Background:

LY2886721 is an oral and furothiazine-based inhibitor of β site-amyloid protein cleaving enzyme (BACE) with IC50 of 20.3nM. This product has the potency for the treatment of Alzheimer's disease.

BACE, also known as Beta-Secretase 1, is an aspartic-acid protease that plays important role in the formation of myelin sheaths in peripheral nerve cells.

In vitro, treatment of LY2886721 leads to the inhibition of Aβ in HEK293Swe with IC50 of 18.7nM and PDAPP neuronal culture with IC50 10.7 nM1. LY2886721 decreases CSF sAPPβ and increases CSF sAPPα in a dose- dependent manner 2.

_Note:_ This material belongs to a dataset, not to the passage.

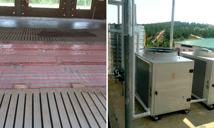 在國家大力發展現代養殖業的政策推動及煤改清潔能源政策的要求下,各養殖場取締燃煤鍋爐、改用清潔取暖設備已成大勢所趨。在此過程中,以正旭空氣源采暖熱泵為熱源的地暖供熱方式,憑借安全、環保、節能、自動化運行等諸多優勢,在豬場采暖中受到了廣泛的歡迎。
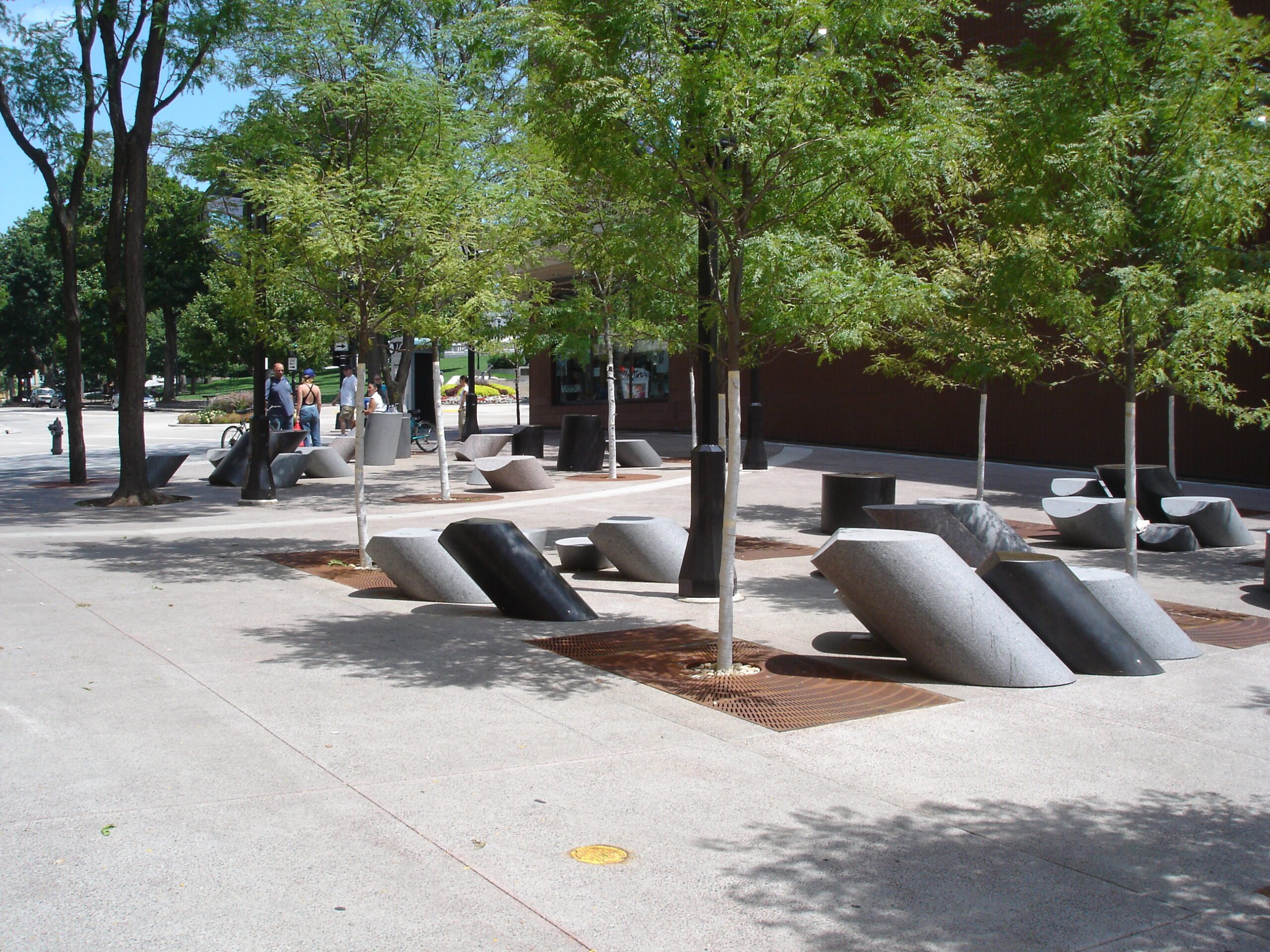 State Street, located in Madison, WI, is lined with several interesting structures. They were created using Carnelian®, Charcoal Black® and Mesabi Black® granite in Polish, Thermal and Diamond® 10 finishes. They are intended not only to add interest to State Street, but also to create seating along the way.

In PDAPP mice, oral administration of LY2886721 resulted in a reduction in brain Aβ, C99 and sAPPβ in a dose-dependent pattern 2. Aβ levels in the brain were decreased by 20% -65% as compared with the vehicle-treated groups 3 hours after treatment of LY2886721 at a dosage of 3-30 mg/kg per mice. In addition, LY2886721 significantly lowers plasma and CSF Aβs in the MAD study 1.

参考文献:
1.  Vassar R. BACE1 inhibitor drugs in clinical trials for Alzheimer's disease. Alzheimer's research & therapy. 2014;6(9):89.
2.   Nishitomi K, Sakaguchi G, Horikoshi Y, et al. BACE1 inhibition reduces endogenous Abeta and alters APP processing in wild-type mice. Journal of neurochemistry. 2006;99(6):1555-1563.